Immigrants detained at a federal Florida site face inhumane situations including substandard medical care, abuse, neglect and overcrowding, the Human Rights Clock was allegedly in a report released Monday.
The advocacy group in the 93-page report details the conditions described at three Immigration and Customs Enforcement (ICE) facilities in Sunshine State, including the conditions described at the Krome North Service Processing Center (Krome), Broward Transitional Center (BTC), and the Federal Detention Center (FDC) in Miami.
The detainees and their allies alleged serious violations of health standards and other ICE’s own guidelines at three Florida facilities, according to the report.
A spokesperson for the Prison Bureau told Hill that the agency could not comment on certain conditions, but noted that it was the BOP’s mission to “operate safe, secure and humane facilities.”

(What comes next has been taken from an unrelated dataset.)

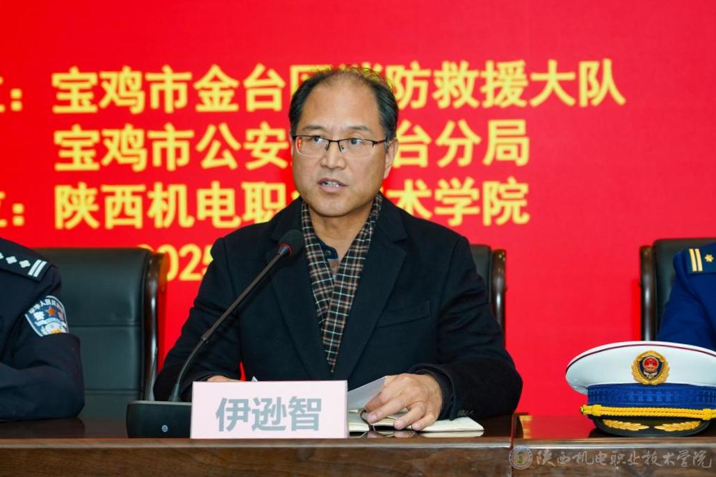 为贯彻落实省委教育工委《关于开展2025年全省教育系统消防宣传月活动的通知》要求,11月4日,AC米兰中文官方网站联合宝鸡市消防救援大队、宝鸡市公安局金台分局成功举行“消防宣传月”启动仪式。学校党委书记伊逊智出席。启动仪式由保卫处副处长常小凯主持。

“We take our obligation to protect individuals entrusted to our custody and maintain the safety of our employees and our communities,” BOP said in a statement.
The hill also requested comment from ICE and the Department of Homeland Security (DHS).
“Some people were bound and detained for a long time in buses without food, water or functional toilets. There was an extreme overcrowding of frozen-retaining cells that were forced to sleep on cold concrete floors under constant fluorescent lighting. “One Trump administration’s truck immigration policy focuses specifically on large-scale deportations, and will continue to send more people to immigration detention facilities that have no capacity to hold them and only exacerbate the conditions mentioned in this report.”
President Trump’s administration has stepped up detention and deportation this year as part of a drastic repression of immigrants. Additionally, Congress passed the law earlier this year, calling it the Wage Riley Act, which requires federal detention of immigrants accused of theft, robbery and other crimes.
Records show that more than 56,000 immigrants are held every day at detention facilities this month.
Florida has been drawing attention to immigrant detention after Trump opened the so-called “Alligator Alcatraz” site he recently toured with the Everglades, but the facility was not reviewed in a report by HRW.
The HRW cited an interview with 11 migrants currently being held and recently detained. The family of seven detainees. Fourteen immigration lawyers documented the experiences of 17 immigrants across Chrome, BTC and FDC facilities.
“If you ask for help, they will isolate you,” one woman, who was not named in the report, told researchers. “If you cry, they might take you away for two weeks.”
“So people are silent,” she added.
The HRW provided some recommendations for improving detention facilities and procedures.
The HRW proposed policy changes to avoid detention of persons with disabilities and allow them to monitor how their medical conditions are treated and how the facilities are run.